Are Nativity Scenes a Threat to Secularism?

“There was no room for them in the inn.” (Luke 2:7) The regional headquarters of the Vendée in France may once again be allowed to set up a Nativity scene in its lobby.
On Tuesday, September 19, the administrative Court of Appeals of Nantes re-opened a case that caused a good deal of controversy three years ago.
The Fédération de la Libre Pensée (FLP – “Federation of Free Thought”) brought the case to court in 2014, and the tribunal overrode “the implicit decision made by the President of the Conseil Général in refusing to use his powers to forbid” the Nativity scene.
Since then, there has been no Nativity scene in the lobby of the Conseil Général of the Vendée in December. The administrative judge who gave the first ruling on the case considered the Nativity scene as a “religious emblem” that is incompatible with the principle of “neutrality” in public services.
Three years have gone by. Today the government commissioner is recommending an annulment of the November 14, 2014 ruling by the administrative court of Nantes that forbade the Nativity scene in the name of the principle of secularism contained in the 1905 law of the Separation of Church and State.
He has requested that the court authorize this Nativity scene that “is not accompanied by any inscription, cross, crucifix, or crown”. “There are no religious knick-knacks,” insisted the commissioner at the hearing.

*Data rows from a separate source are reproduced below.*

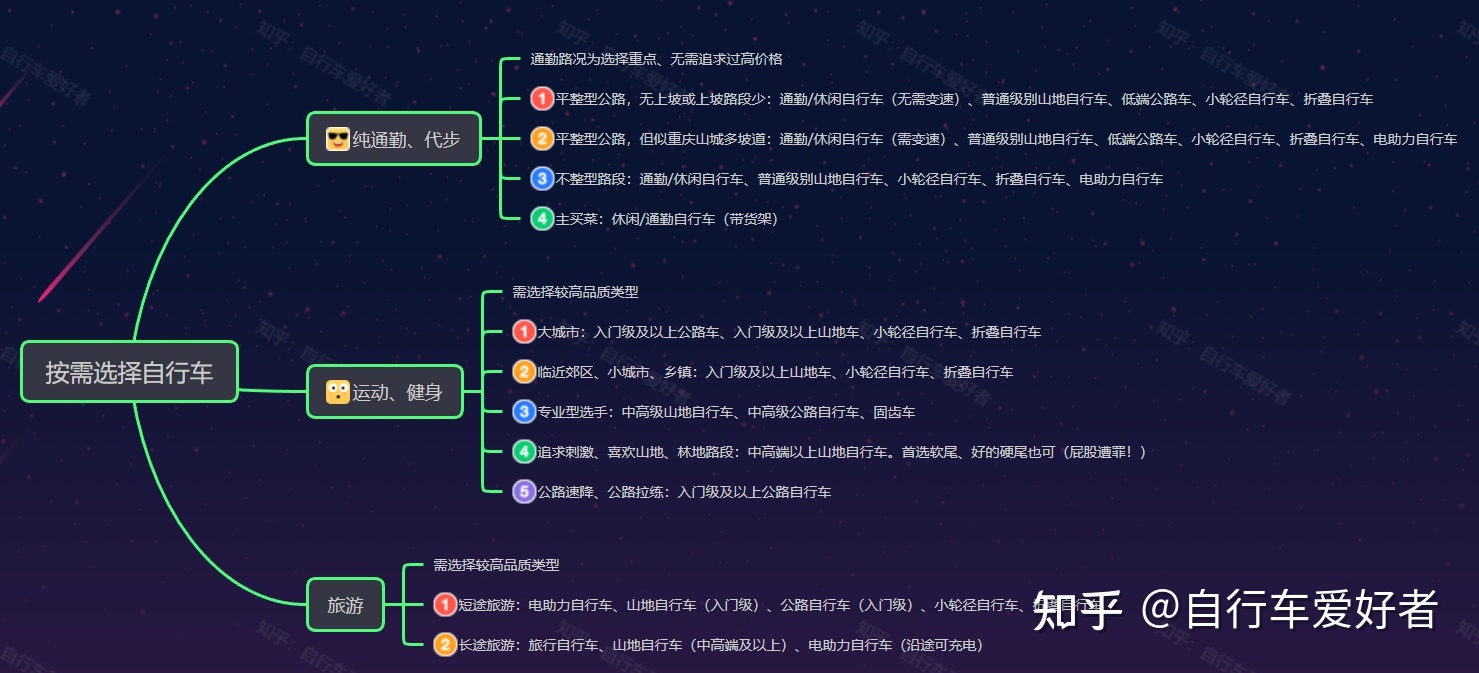 自行车的细分市场逐渐清晰,通勤自行车、休闲自行车、山地自行车、公路自行车等类型开始逐步进入大众视野,可按需参考。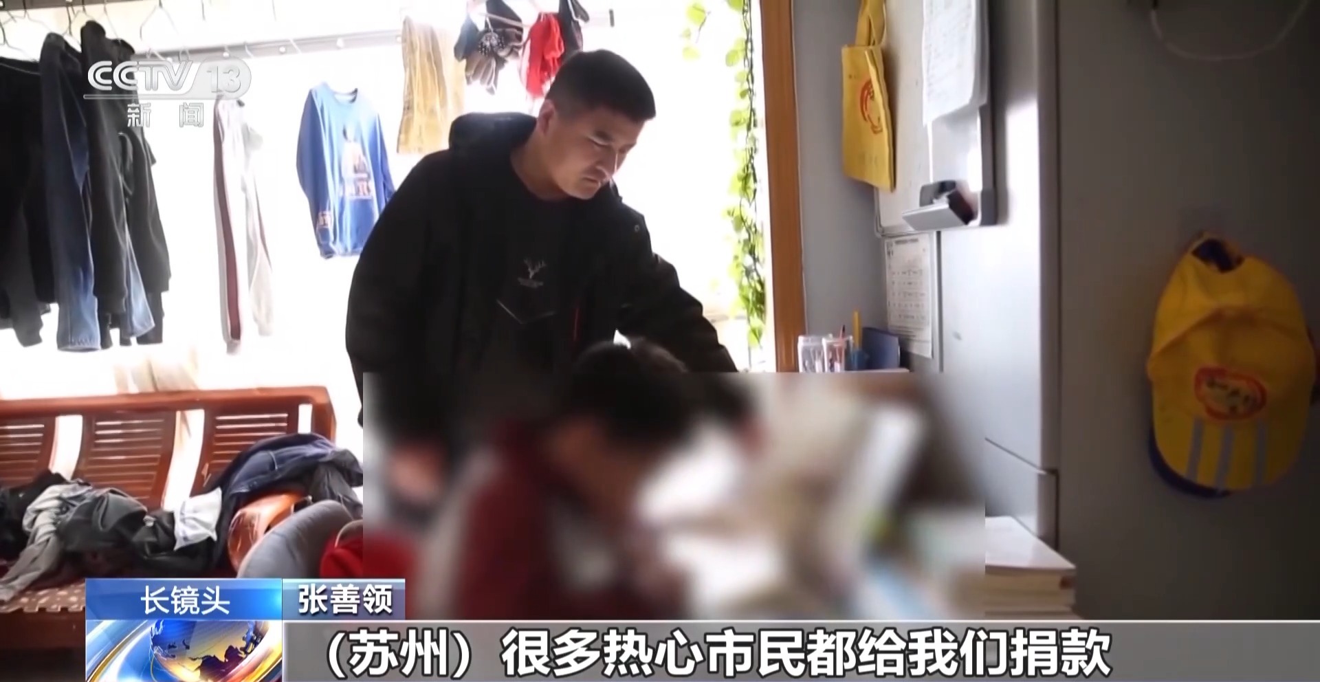 张善领:苏州很多热心市民都给我们捐款,一开始我们不要,后来他们说你们暂时困难,我们可以帮你暂时渡过这个难关,等你以后有能力了,也能帮助身边需要帮助的人。我们一共收到捐款是5万多元。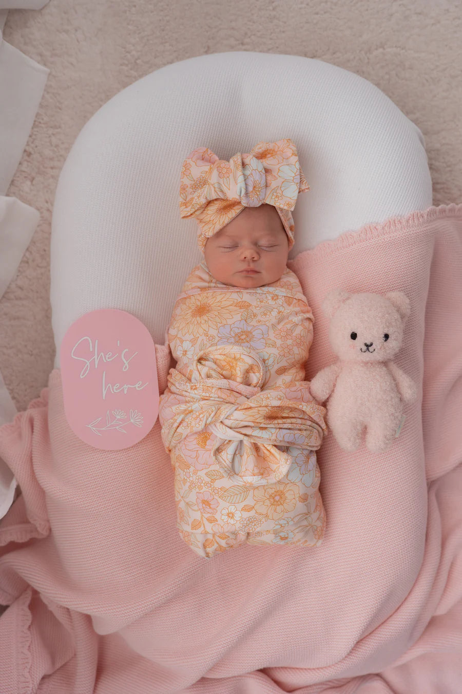 Swaddle Blanket Set - Pastel Bloom (Swaddle Blanket & Bow Headband)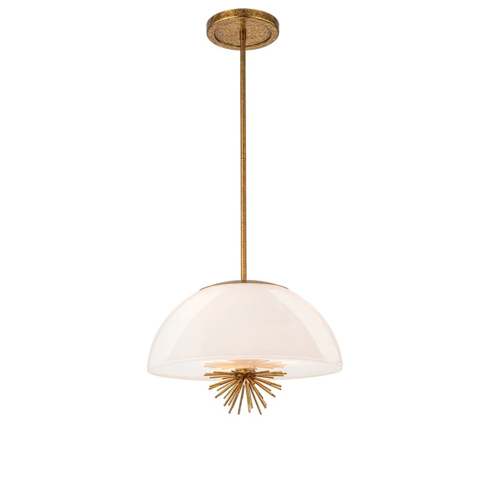 Staring 3 Light: a tri-mount fixture (pendant, flush, or semi-flush) with antiqued gold leaf trim and sputnik accents. Opal white glass with a diffuser ensures even, consistent light.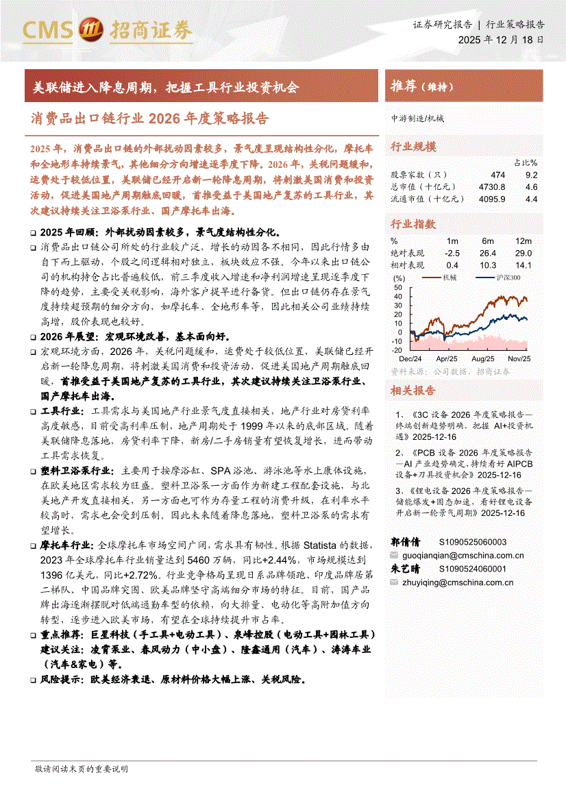 消费品出口链行业:招商证券-消费品出口链行业2026年度策略报告:美联储进入降息周期,把握工具行业投资机会-251218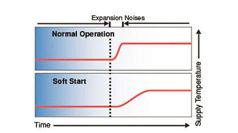 When a sudden change of supply water temperature occurs, the heating system is subjected to thermal stresses. This is evident in expansion and contraction noises. A change in supply water temperature results from a change in outdoor temperature or a change from a setback period to a recovery period. A soft start allows the control to slowly ramp up the supply water temperature to minimize expansion noises and thermal stresses.

The Nativity scene may indeed be authorized once again. For one, because the commissioner’s recommendations are usually followed; but also because it seems that this would follow the precedent recently set by the highest administrative authority in France, as Bernard Gorce explained in the newspaper La Croix on September 20.

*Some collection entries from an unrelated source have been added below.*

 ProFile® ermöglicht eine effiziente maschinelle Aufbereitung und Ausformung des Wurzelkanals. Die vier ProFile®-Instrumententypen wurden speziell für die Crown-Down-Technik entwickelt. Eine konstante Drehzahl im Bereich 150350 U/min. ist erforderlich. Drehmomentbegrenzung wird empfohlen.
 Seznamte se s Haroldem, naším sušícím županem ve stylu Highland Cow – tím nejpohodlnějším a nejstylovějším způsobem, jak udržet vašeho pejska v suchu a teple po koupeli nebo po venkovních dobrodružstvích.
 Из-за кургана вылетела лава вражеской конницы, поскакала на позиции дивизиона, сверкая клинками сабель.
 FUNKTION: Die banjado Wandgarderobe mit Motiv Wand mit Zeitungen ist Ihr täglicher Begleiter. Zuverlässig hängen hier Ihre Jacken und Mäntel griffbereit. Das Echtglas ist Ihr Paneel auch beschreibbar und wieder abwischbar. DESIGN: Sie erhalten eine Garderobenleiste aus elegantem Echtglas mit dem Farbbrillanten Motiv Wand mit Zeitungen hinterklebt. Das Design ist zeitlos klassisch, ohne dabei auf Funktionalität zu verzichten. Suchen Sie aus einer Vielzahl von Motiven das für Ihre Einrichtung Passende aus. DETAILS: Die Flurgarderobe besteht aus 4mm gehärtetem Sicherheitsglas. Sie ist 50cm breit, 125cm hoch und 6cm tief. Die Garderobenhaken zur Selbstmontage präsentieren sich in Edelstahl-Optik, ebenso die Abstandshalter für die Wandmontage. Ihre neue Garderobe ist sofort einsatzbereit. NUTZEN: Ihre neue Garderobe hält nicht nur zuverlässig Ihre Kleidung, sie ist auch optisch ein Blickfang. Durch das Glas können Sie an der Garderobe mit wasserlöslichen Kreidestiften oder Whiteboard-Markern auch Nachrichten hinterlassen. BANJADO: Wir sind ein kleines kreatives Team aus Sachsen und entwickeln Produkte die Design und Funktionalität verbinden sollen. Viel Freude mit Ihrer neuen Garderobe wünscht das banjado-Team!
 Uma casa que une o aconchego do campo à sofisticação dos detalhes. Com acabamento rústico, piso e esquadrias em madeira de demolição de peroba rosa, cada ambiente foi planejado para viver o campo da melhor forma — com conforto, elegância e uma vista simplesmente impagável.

According to the State Council, the Nativity scene is both a cultural and a religious tradition; judges must therefore determine case by case which of the two is the reason for its installment in a public building. It established a few criteria: if there is a local tradition, if the Nativity scene is not “an act of proselytism or a religious statement”, but is simply set up in a festive or artistic spirit, then it is not an attack against secularism.
Even if the Nativity scene may hope to be granted a humble corner in the lobby of the Conseil Général of the Vendée, the State Council’s decision shows a striking lack of perspective: if the Nativity scene is a “both a cultural and a religious tradition”, it is precisely because the Gospel, the vector of the Faith by its very nature, fashions cultures and entire countries. In other words, if you erase the religion of the Gospel, civilization collapses and barbarism returns.